THE PROBLEM: Below is some data. Retype exactly the lines starting at the one with "The blade shows" and ending at the one with "潮流精致布艺小花钥匙扣挂件可爱拼色花朵女生汽车钥匙链包包挂件".

DATA EXCERPTS:
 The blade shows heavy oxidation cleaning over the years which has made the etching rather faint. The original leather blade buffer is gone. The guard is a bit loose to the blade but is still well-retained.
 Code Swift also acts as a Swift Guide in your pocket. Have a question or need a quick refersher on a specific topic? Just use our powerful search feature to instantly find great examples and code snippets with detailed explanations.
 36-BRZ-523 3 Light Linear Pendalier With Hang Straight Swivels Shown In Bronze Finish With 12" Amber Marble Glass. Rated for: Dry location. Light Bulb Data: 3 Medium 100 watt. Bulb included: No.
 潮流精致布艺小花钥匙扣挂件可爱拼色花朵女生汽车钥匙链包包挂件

* * *

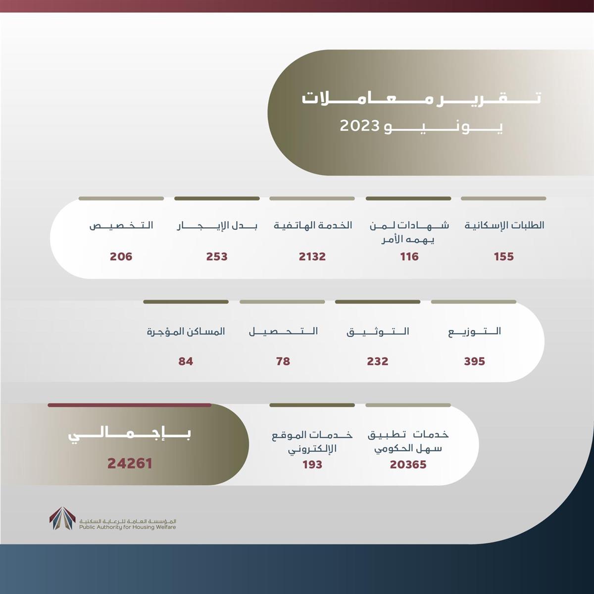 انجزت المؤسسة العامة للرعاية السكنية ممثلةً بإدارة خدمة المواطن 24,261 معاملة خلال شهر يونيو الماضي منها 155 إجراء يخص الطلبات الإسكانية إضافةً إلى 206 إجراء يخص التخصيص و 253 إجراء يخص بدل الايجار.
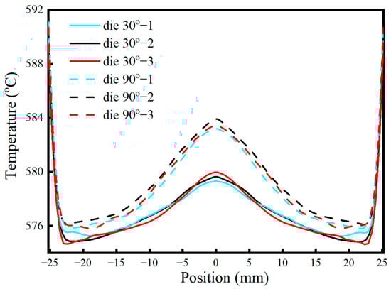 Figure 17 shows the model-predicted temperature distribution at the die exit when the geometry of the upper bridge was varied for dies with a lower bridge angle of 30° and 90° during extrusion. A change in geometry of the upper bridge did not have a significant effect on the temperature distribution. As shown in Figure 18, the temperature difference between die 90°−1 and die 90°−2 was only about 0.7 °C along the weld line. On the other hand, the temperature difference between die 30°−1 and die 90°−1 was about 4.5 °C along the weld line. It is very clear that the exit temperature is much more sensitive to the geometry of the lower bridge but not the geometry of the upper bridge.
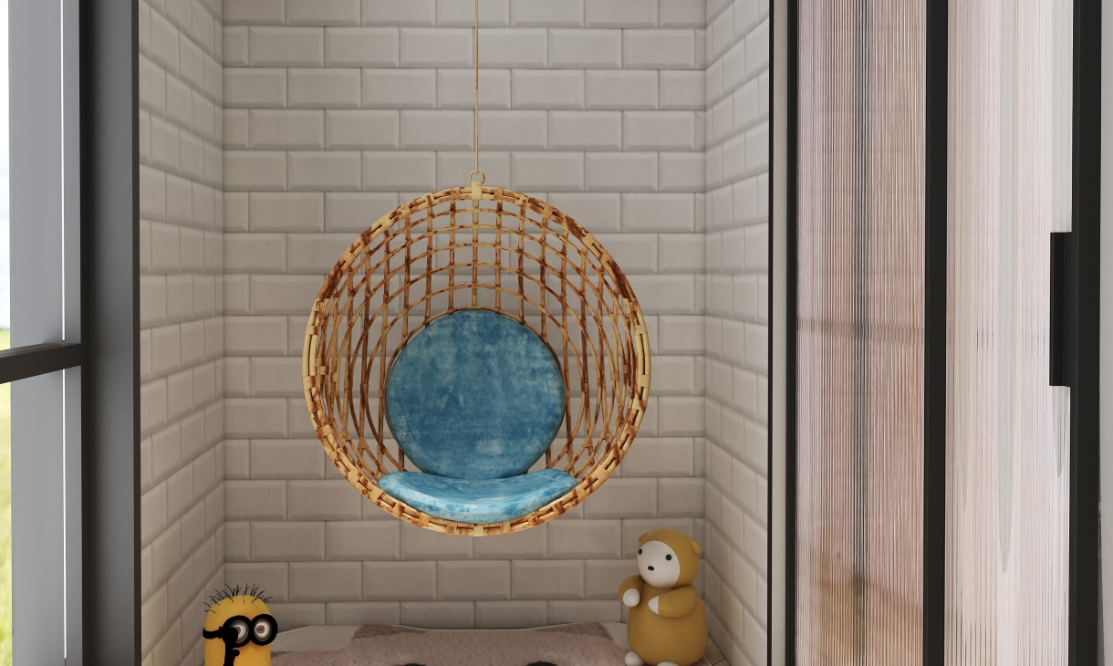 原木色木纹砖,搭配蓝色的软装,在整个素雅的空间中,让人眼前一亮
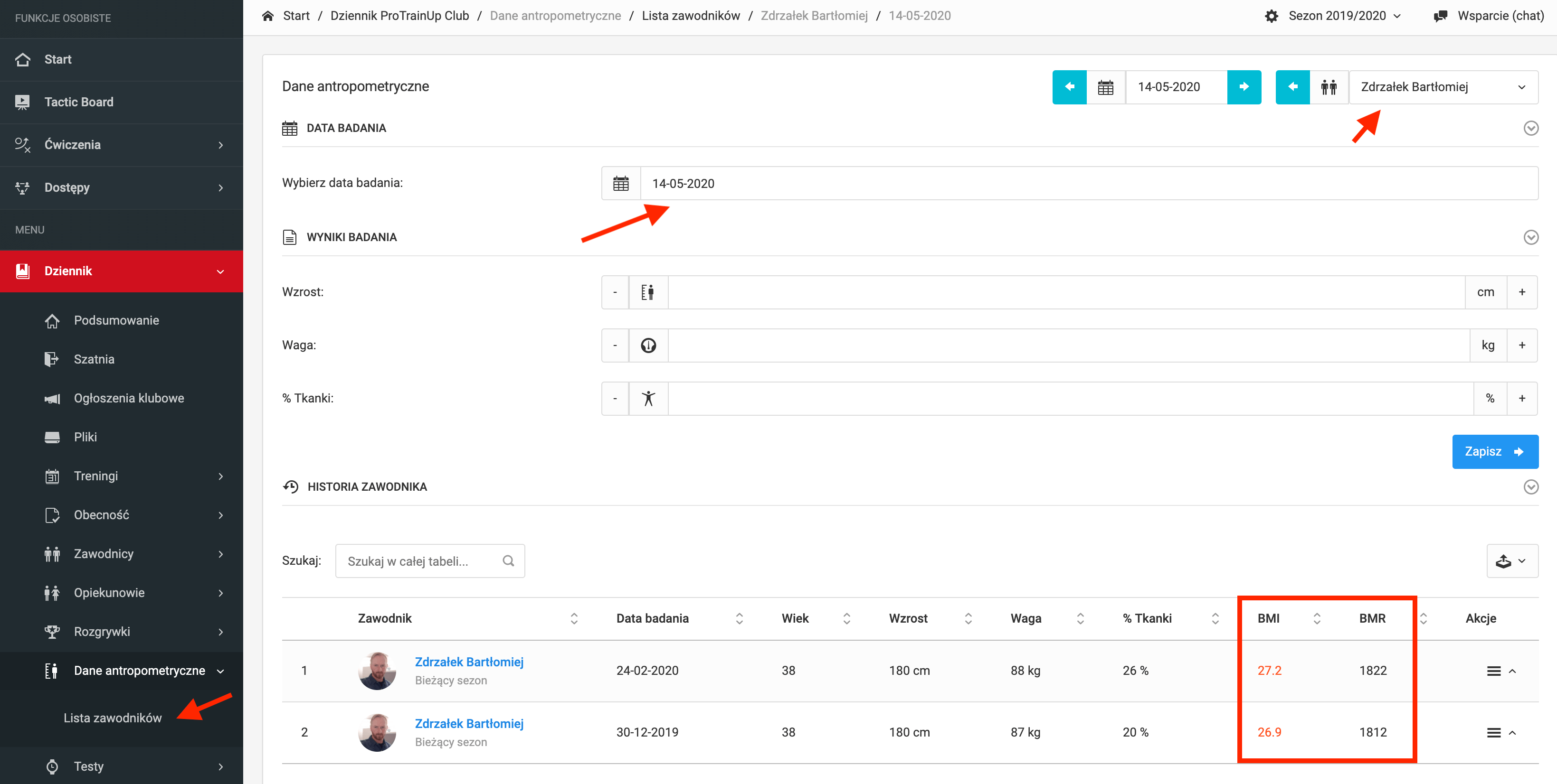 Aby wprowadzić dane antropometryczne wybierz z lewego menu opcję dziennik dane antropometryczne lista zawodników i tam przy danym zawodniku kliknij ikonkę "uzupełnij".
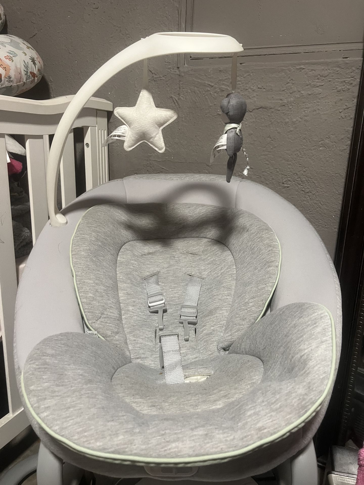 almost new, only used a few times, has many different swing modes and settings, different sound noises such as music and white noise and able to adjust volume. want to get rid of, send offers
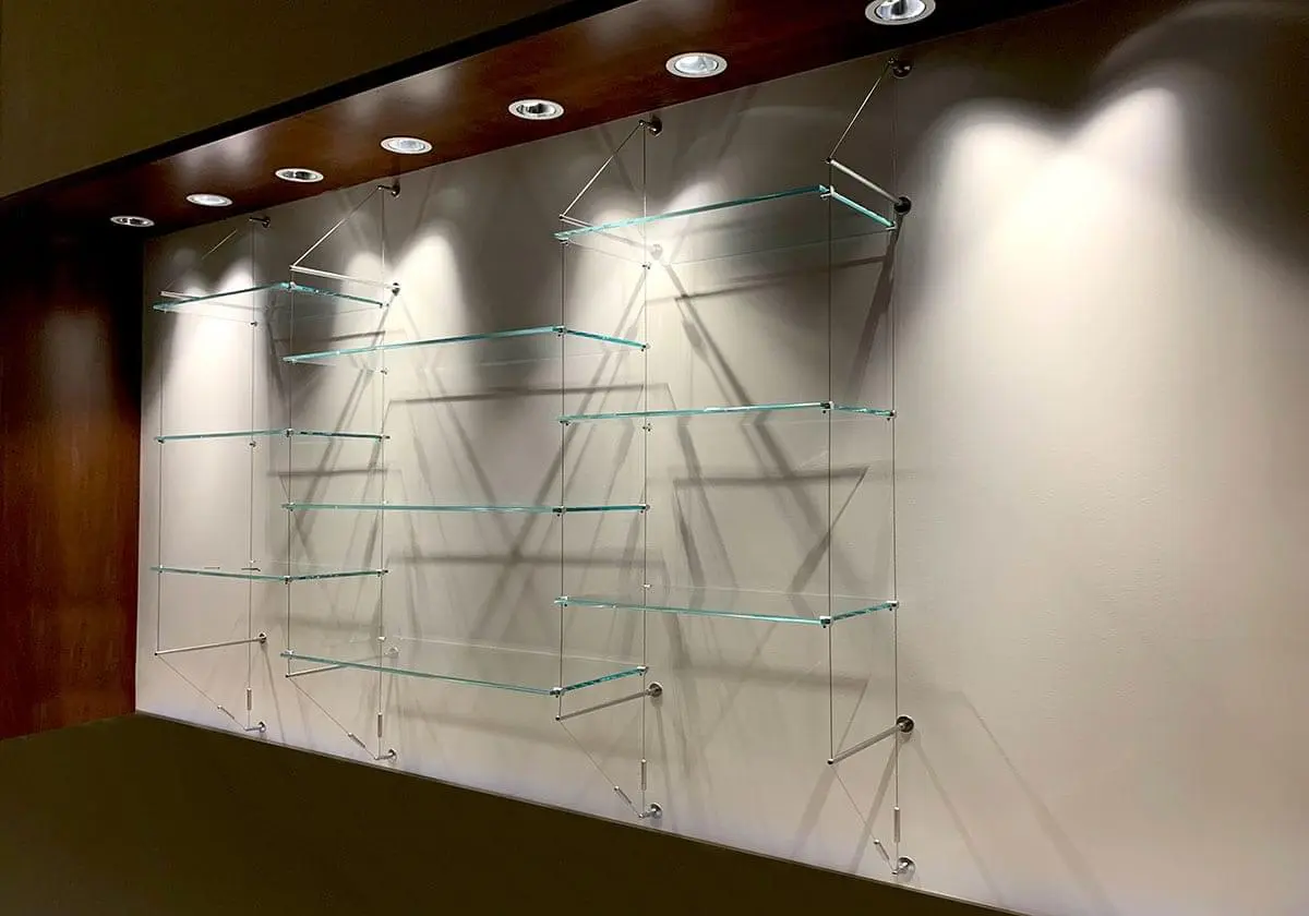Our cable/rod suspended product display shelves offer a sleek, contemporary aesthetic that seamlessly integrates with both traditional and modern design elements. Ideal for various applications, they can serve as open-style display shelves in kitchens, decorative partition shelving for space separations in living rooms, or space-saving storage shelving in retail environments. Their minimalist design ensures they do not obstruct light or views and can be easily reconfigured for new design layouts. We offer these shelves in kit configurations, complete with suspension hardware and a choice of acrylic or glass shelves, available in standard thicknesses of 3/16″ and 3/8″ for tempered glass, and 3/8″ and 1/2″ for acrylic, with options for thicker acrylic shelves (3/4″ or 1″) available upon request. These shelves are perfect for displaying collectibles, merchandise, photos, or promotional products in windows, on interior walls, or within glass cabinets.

TASK RESPONSE:
 The blade shows heavy oxidation cleaning over the years which has made the etching rather faint. The original leather blade buffer is gone. The guard is a bit loose to the blade but is still well-retained.
 Code Swift also acts as a Swift Guide in your pocket. Have a question or need a quick refersher on a specific topic? Just use our powerful search feature to instantly find great examples and code snippets with detailed explanations.
 36-BRZ-523 3 Light Linear Pendalier With Hang Straight Swivels Shown In Bronze Finish With 12" Amber Marble Glass. Rated for: Dry location. Light Bulb Data: 3 Medium 100 watt. Bulb included: No.
 潮流精致布艺小花钥匙扣挂件可爱拼色花朵女生汽车钥匙链包包挂件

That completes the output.